Nella seconda riga della Home Page si legge "Firma e fermati: trova il gazebo più vicino a te": cliccando su tale scritta si accede ad una pagina in cui, inserendo nell'apposito spazio il proprio indirizzo (Città e via), si ottiene l'elenco dei gazebo posti entro certe distanze chilometriche dall'indirizzo.

Ringrazio la Fondazione Quarta per avermi stimolato, con alcune informazioni, a diffondere questo post.

Circa il merito dei temi oggetto del referendum faccio le seguenti osservazioni:

1) Porcellum

Questa legge, non a caso definita dallo stesso Calderoli "una porcata",  è una delle cause principali della scandalosa situazione in cui sono ridotti i parlamentari: da rappresentanti del popolo senza vincolo di mandato, ma sottoposti al controllo dei loro elettori nelle circoscrizioni di riferimento, come erano con le precedenti leggi elettorali, sono diventati dei puri esecutori di ordini, chiamati a votare meccanicamente ciò che è stato deciso dai loro padroni, i capipartito. E' una situazione aberrante, che non ha nulla a che vedere con la democrazia e che produce storture enormi nelle dinamiche parlamentari e nei rapporti con i partiti. Sapendo di non essere stati eletti per meriti riconosciuti dai cittadini ma per decisioni dall'alto, vari parlamentari sono indotti a "vendersi" a chi può  offrire migliori garanzie di rielezione, senza alcun rispetto per l'area politica in cui sono stati eletti, per i valori dichiarati e per gli impegni presi. Non è che il "mercato delle vacche" non esistesse in precedenza, ma tale fenomeno si è ora acuito fortemente ed ha superato ogni limite di decenza, come si è visto ad esempio nei passaggi di parlamentari dall'opposizione alla languente maggioranza alla fine del 2010.
L'eliminazione di questa legge, o per tornare alla legge precedente (il c.d. "mattarellum") o per indurre il Parlamento a formularne una nuova, è una priorità assoluta per riportare il nostro Paese a condizioni democratiche effettive.
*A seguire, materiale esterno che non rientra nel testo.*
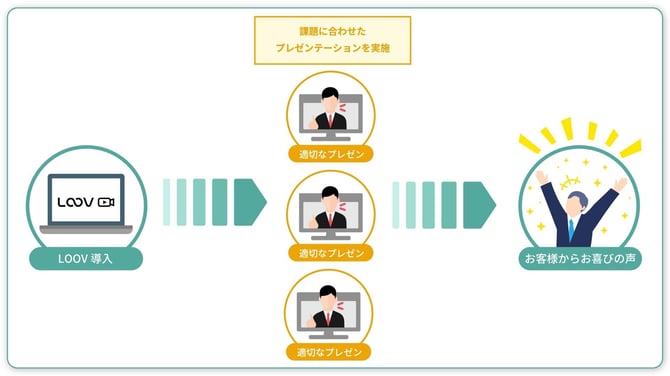 B社様のお客様は複雑な課題をお持ちで、サービスサイト上で適切な訴求ができずにお困りでした。LOOVをご導入後、「3つの質問で課題を明らかにし、適切なプレゼンテーションを実施」することができ、お客様から「このサービスを探していたんです!」とお喜びいただくことができました。

2) Abolizione delle province

E' un tema controverso, di cui si parla dal 1946 in sede di assemblea costituente senza giungere mai ad una soluzione. Fin dagli anni 70, con la costituzione delle Regioni si era previsto un passaggio delle competenze provinciali alle stesse Regioni o ai Comuni, ma tale ipotesi non ha avuto seguito.
Oggi il tema è stato ripreso in funzione della crisi economica e della necessità di tagliare i costi della politica. Sull'opportunità di questo taglio non c'è dubbio ma qualche perplessita mi rimane sui risparmi che si otterrebbero. Il costo annuale delle province pari a  circa 20 miliardi è costituito per la grande maggioranza dai costi del personale e da quello degli interventi istituzionali ( es: manutenzione dlele strade) che verrebbero integralmente assorbiti dalle regioni e quindi non si contrarrebbero : un lettore del Corriere della Sera ha avanzato, in una lettera al giornale, l'ipotesi che le mancate proteste del personale delle province possa essere legato al fatto che gli stipendi dei dipendenti regionali siano più alti dei loro  il che, se fosse vero, significherebbe un aumento dei costi. Inoltre va detto che una forma di coordinamento fra comuni si renderebbe necessaria : si parla già della formazione, al posto delle 108 province, di oltre 200 organismi di coordinamento intercomunale che, per funzionare, avranno bisogno di risorse, il che produrrebbe una spesa aggiuntiva.
Il tema è quindi da seguire con attenzione per evitare di "cadere dalla padella nella brace": personalmente sono favorevole al referendum come stimolo ad un rinnovamento dell'assetto istituzionale periferico, ma non credo in automatici benefici provenienti dallo scioglimento delle province. Anzi.